Este espaço, quilombo eletrônico é uma Arma.
Uma berro, aos berros para chamar a atenção de nossa inércia cotidiana.
Aqui , desfilaremos textos, sons e imagens que nos façam remexer o espírito.
Aqui não é palco de luta. Palco de luta são as ruas.
Mas aqui poderemos dar corda às nossas frustrações. Poderemos falar, cortar esse sufoco que nos arrebenta.
Na boa Dom?
Estamos tão controlados e controladas,
Que essa matança em massa ai fora não nos movimenta pra nada.
Abrem-se cadeias na Bahia e todo mundo em silencio fazendo o relatório do financiamento.
Morrem meninos e meninas num padrão vil de genocídio e a gente faz seminário fingindo que não é com a gente.
De boa.
Aqui é pra se falar na lata!
Aos berros!
O que se quer....

terça-feira, 27 de abril de 2010

ARMAGEDOM


É isso. O Curuzu é uma favela abandonada pelo governo baiano preocupado em batizar tudo com o nome de certo deputado morto, o filho de um tal senador fascista.
Curuzu de becos estreitos que ligam à ruas de baixo à Santa Mônica e aos frades. O Curuzu fica no bairro mais negro do Brasil. O Bairro da Liberdade. Não a liberdade de São Paulo, dos japoneses que operam sua própria economia e gerenciam seus próprios bancos. Ali até atendente de banco tem olho azul.
No Curuzu falta asfalto pelos lados da avenida cariri e o esgoto da rua Nadir de Jesus ainda esta a céu aberto, a escola é capenga, o lixo anda espalhado. Ali, onde fica o primeiro bloco afro do Brasil. Onde eu nasci.
O Curuzu é o meu jardim do Éden, onde meu umbigo fertiliza a terra. Onde a ginga de um preto rebrilha uma força indizível, uma mágica estupenda sob o sol.
Eu nasci de parto natural, minha avó me aparou e cortou rapidamente o cordão umbilical que estava enlaçado em meu pescoço.
Diz minha velha tia, Dona Antonieta, que eu chorei na barriga, por isso saberei o dia de minha morte.
Por precaução, meu umbigo foi enterrado num pé de mangueira lá no meu quintal, onde hoje fica a oficina, ao pé da ladeira, na baixada mesmo.
Lembro dos candomblés de Dona Roxa que nos oferecia mungunzá quente e história de gente morta, visagens andavam pela roça do maluco assombrando o povo.
Meu amigo Gabriel disse-me certa vez, que assombração mesmo era quando em noites de lua-cheia o maluco virava lobisomem e vagava pela mata, perto da ladeira do cavalo morto.
Lembro do Exu da discoteca de Macário que nos seguia voando dia de sexta feira se não oferecêssemos uma garrafa de cachaça ou uma vela preta...Curuzú era encantado.
Fiquei muitos anos sem andar no Curuzu, depois de muitas confusões pelos becos da rua progressista; de pular o muro do Colégio Celina Pinho para roubar merenda, pão, presunto e Nescau – eu finado Carroça e finado Hipólito que hoje é diácono da Assembléia de Deus. Corríamos de seu Anacleto que nos pegava pela orelha ao mando de Minha avó que gritava:

“Deus lhe dê força nos braços Seu Flô, antes você bater do que a policia”

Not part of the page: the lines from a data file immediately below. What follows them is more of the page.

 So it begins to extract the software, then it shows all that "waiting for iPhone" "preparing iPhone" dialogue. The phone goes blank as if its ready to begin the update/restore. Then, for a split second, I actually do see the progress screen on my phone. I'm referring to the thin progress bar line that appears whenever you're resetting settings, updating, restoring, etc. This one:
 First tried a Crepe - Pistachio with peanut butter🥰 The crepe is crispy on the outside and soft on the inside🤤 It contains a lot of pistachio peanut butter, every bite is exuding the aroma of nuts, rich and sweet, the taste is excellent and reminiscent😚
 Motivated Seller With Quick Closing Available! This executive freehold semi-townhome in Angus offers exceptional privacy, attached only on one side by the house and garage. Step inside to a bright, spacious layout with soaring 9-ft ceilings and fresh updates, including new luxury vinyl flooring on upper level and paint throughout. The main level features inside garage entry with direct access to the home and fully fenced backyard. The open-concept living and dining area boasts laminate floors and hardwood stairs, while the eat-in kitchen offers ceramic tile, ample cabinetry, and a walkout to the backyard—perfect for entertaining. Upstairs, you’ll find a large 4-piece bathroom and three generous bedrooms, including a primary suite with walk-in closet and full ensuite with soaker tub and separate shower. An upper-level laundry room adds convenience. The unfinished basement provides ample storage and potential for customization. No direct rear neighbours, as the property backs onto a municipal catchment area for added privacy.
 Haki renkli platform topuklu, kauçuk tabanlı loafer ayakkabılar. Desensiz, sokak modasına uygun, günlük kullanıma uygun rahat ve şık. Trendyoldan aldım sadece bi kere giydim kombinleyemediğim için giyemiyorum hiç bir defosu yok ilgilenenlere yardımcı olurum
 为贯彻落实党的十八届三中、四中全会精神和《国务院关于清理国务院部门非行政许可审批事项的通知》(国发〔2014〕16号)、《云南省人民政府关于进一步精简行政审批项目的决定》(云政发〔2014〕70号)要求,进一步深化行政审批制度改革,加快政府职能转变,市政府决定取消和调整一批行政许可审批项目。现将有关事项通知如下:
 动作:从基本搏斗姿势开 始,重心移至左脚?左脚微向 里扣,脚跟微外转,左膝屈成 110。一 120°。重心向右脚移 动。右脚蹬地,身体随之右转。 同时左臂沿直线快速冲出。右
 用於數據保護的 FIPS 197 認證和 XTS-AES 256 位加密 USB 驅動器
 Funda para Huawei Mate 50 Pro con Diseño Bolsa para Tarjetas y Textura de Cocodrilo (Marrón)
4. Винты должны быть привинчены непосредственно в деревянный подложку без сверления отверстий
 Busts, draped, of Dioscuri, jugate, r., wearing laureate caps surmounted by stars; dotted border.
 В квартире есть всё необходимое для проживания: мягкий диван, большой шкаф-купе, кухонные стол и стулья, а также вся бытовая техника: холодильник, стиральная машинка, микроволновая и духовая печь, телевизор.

Éramos uma família extensa, todo mundo cuidava de todo mundo.
Fiquei anos sem andar no meu bairro, rodei por Salvador, fui descobrir minha cidade em detalhes, muitos distantes dos dramas lá da rua, fui vendo, os olhos caídos das mulheres da montanha, antigo bordel que rivalizava com as prostituas do pelourinho, fui satisfazer-me com as cantigas dos blocos dos índios na ladeira da Praça, meu preferido era o Comanche do Pelô com suas sensuais travestis, entre elas a linda Carlete que tinha sido sargento da policia e ali ostentava fartos seios oferecidos juntos a uma rica feijoada para quem entrasse nos seu castelo como convidado.
Passava pelo terreiro e dava a benção ao mestre Caiçara com sua bengala talhada e uma vida entregue a capoeira e a briga de rua.
Ia para a benção de São Francisco ver aqueles pretos elegantes com pastas na mão distribuindo panfletos. Eu já circulava pela boemia que ia cedendo espaço para outros tempos. Novos tempos.
Deixei com minha Avó a responsabilidade com os destinos de meus antigos parceiros.
Vovó faz responsos para Santo Antonio, reza de ventre e espinhelas caídas.
Hoje no Curuzu o que vejo é a dor das mães que doaram suas vidas pelos filhos, como dona Marileusa que em cinco anos enterrou três filhos. Beto foi morto pela policia na Pero Vaz, antigo Corta Braço, não tinha culpa nenhuma o pobre Beto. Os rapazes da Rua do Céu assaltaram a loja de roupas de seu Anastácio, deram um cassete no velho que tinha um filho na policia do Exercito e desceram em fuga para o Pero Vaz. Beto fumava um baseado no Beco das Gordinhas, a policia chegou atirando, um tiro atingiu em cheio o coração do rapaz, ninguém foi punido.
No enterro, Dona Marileusa não derramou uma lagrima sequer, ali começará seu calvário.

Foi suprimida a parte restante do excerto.